In comparison with Turgenev’s romanticized view of revolt, Sleptsov’s approach to radicalism is prosaic. One could point to an element of the Romantic in Riazanov — like Bazarov, a rebel and prey to the ressentiment which accompanies his rebellion — that wave of the hand. But Sleptsov undercuts the element by his laconic narrative tone as well as by the structure of a plot which can be reduced to the simplest of outlines: Riazanov, a radical intelligent escaping Petersburg in the wake of a new period of repression (1863), arrives at the estate of his university acquaintance, Shchetinin, now married and settled into what he hope will be the morally and financially satisfying role of enlightened landowner. Riazanov and Shchetinin engage in a series of arguments during which the radical attempts to demolish the liberal’s belief in gradual social progress through reform. But the focus of the novel eventually shifts to Shchetinin’s wife.
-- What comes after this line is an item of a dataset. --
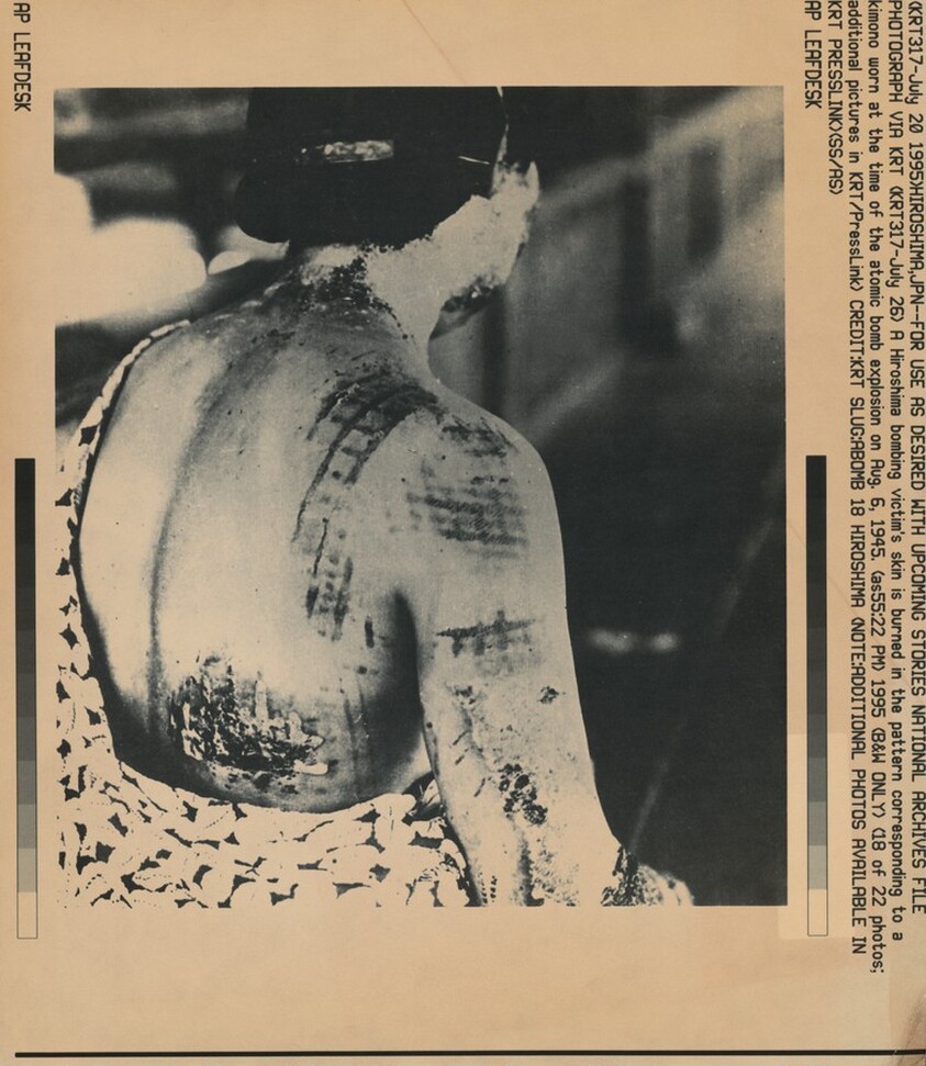 Title from caption on object: “A Hiroshima Bombing Victim's Skin is Burned in the Pattern Corresponding to a Kimono...”

Under the sway of Riazanov’s nihilistic opinions, Shchetinina can no longer accept what she now sees as her husband’s impotent liberalism. She decides to abandon her role as benevolent estate mistress and devote herself to another cause. Yet, when she turns to Riazanov for the emotional and moral support to sustain her in this decision, she is rebuffed. In an intertwining of sexual and ideological elements characteristic of the relations within this ménage à trois, Riazanov rejects her sexual advances as well as her desire to aid him in his vaguely defined radical activity. Shchetinina, however, perseveres in her resolve to leave the estate for Petersburg, where she will attempt to join the ranks of the “new people”, despite Riazanov’s dim view of this fashionable radicalism (an echo, perhaps, of Bazarov’s attitude toward Sitnikov and Kukshina).
The novel ends in a standoff. Shchetinin takes refuge in his reform projects, and a liberated Maria Shchetinina goes to Petersburg in search of her cause. Riazanov, committed to a distant and uncertain revolution, leaves the estate with his one trophy, a deacon’s son, who intends to enroll in a provincial school against his father’s wishes (another raznochinets activist in the making). Sleptsov has clarified relations between the characters only to leave them on the threshold of other ambiguities. In a literary variant of his own nihilism he offers no positive solution to the questions the work raises, nor does he imply that his characters are capable of finding such solutions. It should be clear then that Sleptsov, in contrast to Turgenev, adheres to the ideological conflict posed at the beginning of the work, while avoiding a romanticized image of the radical which would focus attention of character rather than ideology. Such an approach has implications not only for the significance of the protagonist, but also for the development of the novel. For while Turgenev directs his work to a consideration of Bazarov and his fate, Sleptsov, focusing on the problem of radical response during a period of “hard times”, begins where Turgenev leaves off: in the liberal gentry’s arcadia. In Shchetinina, Riazanov faces not a Pavel Kirsanov but his own contemporary, a new type of liberal — practical (or so he thinks), optimistic, willing to accept emancipation reforms with the understanding that they should be made to work in his own interests. The question is will they? And at what cost to the peasants who supply the labor?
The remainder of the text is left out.